Total Recall is the remake of the 1990 Arnold Schwarzenegger version, based on the Philip K. Dick short story “ We Can Remember It For You Wholesale”.
We meet Douglas Quaid (Colin Farrell), a factory worker who is woken up every night by the same nightmare. Being chased and captured by automated soldiers, never knowing why and who wants to capture him and being aided by a mysterious attractive woman (Jessica Biel). He awakes every morning after having the same dream, vivid as if it were a memory. We are in a future world where Britain is an empire and we can travel through the centre of the earth to get to the Colony (formerly Australia). You either live on Britain or in the Colony. Seems like the Colony is where the lower classes/unsightly folk live. In this world, you can go to a place called Rekall to live out our wildest fantasies without ever leaving your chair. The memories stay implanted into your brain so you can call them up at any time.
Quaid decides to go to Rekall to help with the dreams he has been having, against the wishes of his loving yet secretive wife (Kate Beckinsale). He goes for a secret agent fantasy and then all hell breaks loose between reality and fantasy.
Total Recall is like The Matrix before The Matrix. A life where you are not sure what it real and what it not. However this remake doesn’t really call upon all those themes. There is no humour from the original film even though some of the scenes are word for word. It has been changed into a love triangle gone wrong, rather than a Jason Bourne type story as it should have been. Britain and Australia are now apparently places where everyone has an American accent. And there is no trace of what makes those countries what they are. It’s an industrial American view of us across the pond. And it’s horrible.

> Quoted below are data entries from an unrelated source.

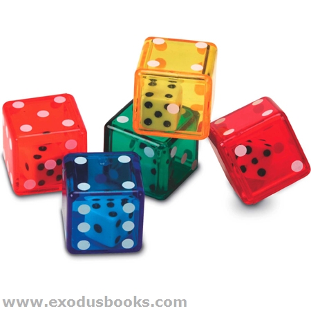 Twice the Dice—Twice as Nice! Use these double dice to teach probability, predict numerical outcomes and track the statistical results of repeated rolls. Each brightly colored, translucent outer die holds a single, smaller, white die inside. Twice the dice means twice the math—and twice the learning! Set of 72 dice comes in a sturdy hexagonal tub for quick clean-up and easy storage.
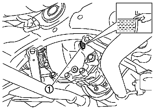 - Remove filler plug (1) and check oil level from filler plug mounting hole as shown in the figure.
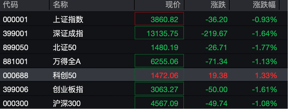 今天上午A股市场大幅低开,不过进入连续竞价阶段后,主要指数迅速收窄跌幅,其中科创50指数率先翻红。

It looks good, don’t get me wrong. The higgledy piggledy way the streets are structured, the building with is confusing levels like a magic eye painting and the mixture of future technologies and past structures. But that is all it is. There is no plot, no real acting finesse (Jessica Biel needs stop trying to act, you just can’t lady!) even though Farrell is the only light in the whole dark mess. The women are completely miscast. As if their budget didn’t really stretch that far to get real talent when they spent it all on Farrell. Bill Nighy and Bryan Cranston are both completely wasted in the film too
I found the whole film confused and pointless and perhaps money could have been better spent elsewhere.